A survey by the STEM agency shows that Culture Minister Vitezslav Jandak is the most popular Czech politician, with 69 percent of public support. He is followed by Finance Minister and acting chairman of the Social Democrats Bohuslav Sobotka with 54 percent and Education Minister Petra Buzkova with 52 percent.
A survey by the European Union's statistics office, Eurostat, suggests that Czechs spend more time at work than any other EU citizens. While the average EU citizen works for 37.9 hours a week, Czechs spend almost 43 hours at the workplace every week. According to Eurostat, the Dutch have the shortest working hours, with 31.4 hours a week.
Prime Minister Jiri Paroubek has expressed support for a possible tightening of controls of the citizens of the USA, Canada and Australia entering the Czech Republic as tourists. He was responding to a statement by the Czech foreign minister, Cyril Svoboda, who said his ministry suspected citizens of the USA, Canada and Australia were seriously violating rules regarding how long they can legally stay in the Czech Republic and called for a tightening of controls of their citizens entering the Czech Republic as tourists. The USA, Canada and Australia require Czechs to have visas to enter their countries. Speaking on a TV debate programme, Mr Svoboda said if they did not lift such restrictions Prague would attempt to pressure them to do so through the European Union.
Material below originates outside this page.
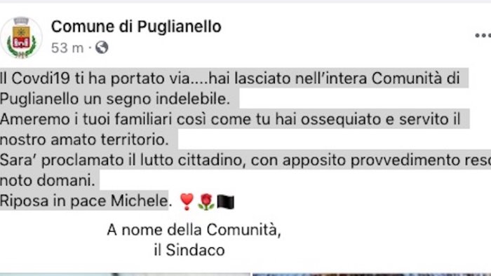 E anche a Puglianello, dove lavorava da trent'anni,il sindaco Rubano l'ha ricordato con un post: " Il Covdi19 ti ha portato via....hai lasciato nell’intera Comunità di Puglianello un segno indelebile. Ameremo i tuoi familiari così come tu hai ossequiato e servito il nostro amato territorio. Sara’ proclamato il lutto cittadino, con apposito provvedimento reso noto domani.Riposa in pace Michele".

The Interior Ministry and the International Organisation for Migration are to launch a joint campaign in May warning the clients of prostitutes that they could be supporting crime, Mlada fronta Dnes reported. Clients will also be encouraged to tip off the authorities if they believe a woman has been forced into prostitution.
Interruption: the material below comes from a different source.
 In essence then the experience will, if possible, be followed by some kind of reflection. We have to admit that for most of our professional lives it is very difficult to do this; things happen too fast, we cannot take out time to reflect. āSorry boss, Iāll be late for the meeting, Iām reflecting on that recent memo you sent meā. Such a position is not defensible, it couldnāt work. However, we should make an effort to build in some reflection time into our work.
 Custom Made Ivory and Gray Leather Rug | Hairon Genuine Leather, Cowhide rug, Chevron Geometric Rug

Police in North Bohemia have confirmed that boxes found on the premises of a former factory in the town of Usti nad Labem contain the mortal remains of German soldiers who died during WWII in Bohemia. Police are now investigating how the boxes got there and whether or not the law was broken. The paper Mlada Fronta Dnes first wrote about the case last Friday.
Days after losing an international arbitration case taken by the
Japanese bank Nomura, the Czech Republic on Monday began a second
arbitration hearing against the bank in Paris: it is demanding over 4.5
billion dollars in compensation for costs incurred during the forced
administration of the Czech bank IPB. Nomura owned almost 50 percent of
IPB, which was sold to another Czech bank soon after its collapse in
the year 2000.
On Friday an arbitration court in London ruled the Czech state had failed to protect Nomura's investment in IPB, and it is now seeking over one and a half billion US dollars in compensation. The actual amount Nomura will receive has not yet been decided.
Speaking on a TV debate programme on Sunday, Prime Minister Paroubek also said the Czech Republic may just have to pay token compensation to Japan's Nomura bank. An international arbitration court ruled that the Czech state had failed to protect Nomura's investment in the Czech bank IPB, and it is now seeking over one and a half billion US dollars in compensation. The actual amount Nomura will receive is to be set by a second arbitration hearing.
Czech troops are to monitor the airport in the Afghan capital Kabul for four months starting in December, the Czech Army chief of staff Pavel Stefka said after a meeting with a senior NATO official. He said a team of 50 Czech soldiers - including de-mining experts and meteorologists - would be in charge of both civilian and military flights in Afghanistan.